İçeriğe atla

Erken Dünya

Erken Dünya, ilk bir milyar yılında veya gigayılında (Ga, 109y) gevşek bir şekilde olan Dünya olarak tanımlanır.[1] “Erken Dünya”, genç Güneş Sistemindeki yaklaşık 4.55 Ga'daki ilk oluşumundan, Arkeyan devir'deki bir zamana, yaklaşık 3.5 Ga'daki bir zamana kadar, gezegenimizin evriminde yaklaşık olarak ilk gigayılını kapsar.[2] Jeolojik zaman ölçeğinde, bu, tüm Hadean eon'u (yaklaşık 4,6 milyar yıl önce Dünya'nın oluşumuyla başlayan[3]), ayrıca Arkean çağının Eoarchean (4 milyar yıl önce başlayan) ve Paleoarchean (3,6 milyar yıl önce başlayan) dönemlerinin bir kısmını kapsar.

Erken dünya - soluk turuncu nokta

Dünya tarihinin bu dönemi, gezegenin toplanma olarak bilinen bir süreçle güneş bulutsundan oluşumunu içeriyordu. Bu zaman periyodu, yoğun göktaşı bombardımanının yanı sıra, bir dizi magma okyanusu ve çekirdek oluşumu bölümleriyle sonuçlanan Ay'ı oluşturan etki de dahil olmak üzere dev etkileri içeriyordu.[4] Çekirdeğin oluşumundan sonra, bir "geç kaplama" içinde meteoritik veya kuyruklu yıldız materyalinin teslimi, Dünya'ya su ve diğer uçucu bileşikler vermiş olabilir.[5] Bu döneme ait çok az kabuk malzemesi hayatta kalsa da, en eski tarihli örnek, Batı Avustralya'daki Narryer Gneiss Terrane'nin Jack Hills'inde metamorfoza uğramış bir kumtaşı konglomerasında yer alan 4.404 ± 0.008 Ga'lık bir zirkon mineralidir.[6] En erken suprakrustaller (Isua yeşiltaş kuşağı gibi) bu dönemin ikinci yarısına, yaklaşık 3.8 gya'ya, yani Geç Ağır Bombardıman zirvesiyle aynı zamana aittir.

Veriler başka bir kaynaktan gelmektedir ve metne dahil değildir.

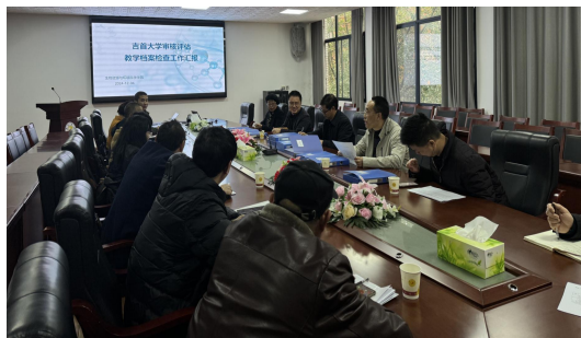
(图为教学档案检查现场)

3. 督改：督导团成员积极开展督改工作，对发现的有关教学问题要对教师个人及相关单位及时反馈。坚持“回头看”，重点关注需要进行整改、完善的部分，及时掌握整改情况。

Radyometrik tarihleme ve diğer kaynaklardan elde edilen kanıtlara göre, Dünya yaklaşık 4.54 milyar yıl önce oluştu.[7][8][9] İlk milyar yıl içinde,[10] yaşam okyanuslarında ortaya çıktı ve atmosferini ve yüzeyini etkilemeye başladı, aerobik ve anaerobik organizmaların çoğalmasını teşvik etti. O zamandan beri, Dünya'nın Güneş'ten uzaklığı, fiziksel özellikleri ve jeolojik geçmişinin birleşimi, yaşamın ortaya çıkmasına, fotosentez geliştirmesine ve daha sonra daha da evrimleşmesine ve gelişmesine izin verdi. Dünyadaki en erken yaşam en az 3.5 milyar yıl önce ortaya çıktı.[11][12][13] Güneybatı Grönland'da keşfedilen 3,7 milyar yıllık metasedimanter kayaçlarda[14] ve Batı Avustralya'da 4,1 milyar yıllık zirkon tanelerinde, biyojenik bir kökene sahip olabilecek grafit , yaşamın daha erken olası kanıtlarını içeriyor.[15][16]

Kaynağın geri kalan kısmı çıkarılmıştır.